U.S. District Judge John Chun has already ruled that the ROSCA applies to Prime, and he limited some of the defenses Amazon can raise at trial while allowing others to go forward. He also found that Amazon violated the statute by collecting customers’ billing information before disclosing Prime’s terms. But Chun left several pivotal issues for the jury to decide, including whether Prime’s disclosures of its material terms were clear and conspicuous and whether the so-called Illiad cancellation method is, in fact, a simple option under the law. In a separate step that could affect liability for specific individuals, the judge determined that two Amazon executives named as individual defendants—Neil Lindsay and Jamil Ghani—were so entwined with the Prime program that they could face personal liability if the jury sides with the FTC. A third executive, Russell Grandinetti, could also be exposed to personal liability under certain circumstances.

Amazon issued a brief statement in response to the courtroom posture: neither the company nor the named executives did anything wrong, and the facts, they said, will show that the executives acted properly and that customer interests come first. The FTC declined to comment.

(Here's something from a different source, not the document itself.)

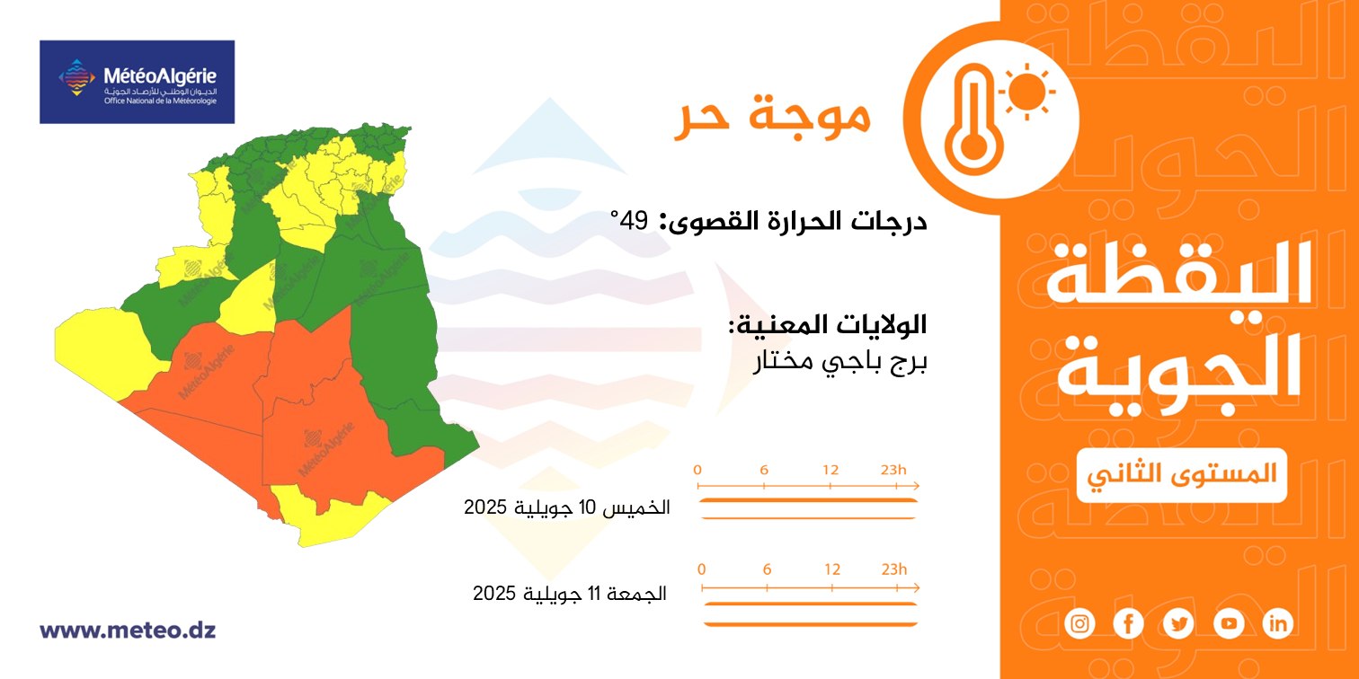 وحسب تنبيه للديوان الوطني للأرصاد الجوية من المستوى الثاني باللون البرتقالي على خريطة اليقظة، فإن الولايات المعنية بموجة الحر التي تصل إلى 49 درجة مئوية يومي الخميس والجمعة: برج باجي مختار، أدرار، عين صالح وغرب تمنراست

The FTC’s involvement traces back to 2021, during the early days of the Biden administration, when the agency began examining Prime subscription practices. The formal lawsuit followed in 2023, placing the agency’s broader antitrust agenda against Amazon in sharp relief just as the sector faced heightened scrutiny over how platform companies shape consumer choices. The case sits alongside an ongoing FTC antitrust lawsuit accusing Amazon of monopolistic control over online marketplaces, underscoring the department’s willingness to pursue more aggressive enforcement in the tech space.

Earlier this year, the judge admonished Amazon for withholding tens of thousands of documents from the FTC, including documents marked as internal legal advice, describing the conduct as tantamount to bad faith. The dispute over document production highlights the high-stakes nature of the case and the tensions between a company offering a widely used consumer service and a federal regulator seeking to curb what it views as deceptive practices. While the trial focuses on Prime, the proceedings touch on broader questions about how online subscription programs are marketed and how clearly they must disclose terms and costs to consumers.

For Amazon, Prime remains a cornerstone of a business strategy that increasingly relies on recurring revenue and a broad ecosystem of services, from shopping to streaming and digital content. The company has repeatedly framed Prime as a value proposition that customers can understand and easily opt out of if they choose to do so. The FTC’s portrait, by contrast, portrays Prime as a carefully engineered mechanism designed to capture customers into a service they may not realize they were joining, with a process that sometimes obscured the connection between a purchase and Prime enrollment.

As the trial unfolds in Seattle, observers will watch how the jury weighs the friction of canceling and the clarity of Prime’s terms against the company’s insistence that its disclosures meet legal requirements and that the cancellation path remains straightforward for most users. The outcome could have implications for how online subscription programs are marketed and managed in the rapidly evolving landscape of digital commerce, where a growing portion of revenue depends on ongoing memberships rather than one-time purchases.